Delay and actuator saturation are inevitable in practical control engineering, which may lead to system performance degradation, or even divergence of controlled variables. Combination of Smith predictor (SP) and model recovery anti-windup method is an effective solution to anti-windup synthesis for linear delayed systems, but model-dependent property brings obstacles for the application and promotion.
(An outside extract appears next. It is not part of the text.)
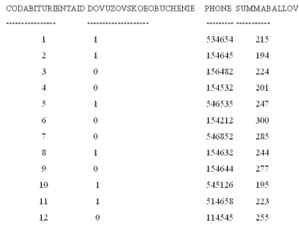 (Довузовское обучение (1/0), Телефон, Кол-во баллов (∑))

To overcome such a difficulty, a few-shot data-driven approach has been proposed in this paper, and operating data are collected to simultaneously tune feedback controller parameters and estimate internal model applied in SP. Subsequently, the anti-windup compensator is constructed with the estimated model and compensator gain is calculated by using the Lyapunov equation. Finally, the effectiveness of the proposed method is verified through simulations that implemented three typical processes in engineering.

Suggested Citation

  • Guanghao Su & Jinggao Sun & Zhichen Li & Hongguang Pan, 2021. "Data-driven anti-windup compensator synthesis for unknown linear systems with time delay," International Journal of Systems Science, Taylor & Francis Journals, vol. 52(13), pages 2831-2844, October.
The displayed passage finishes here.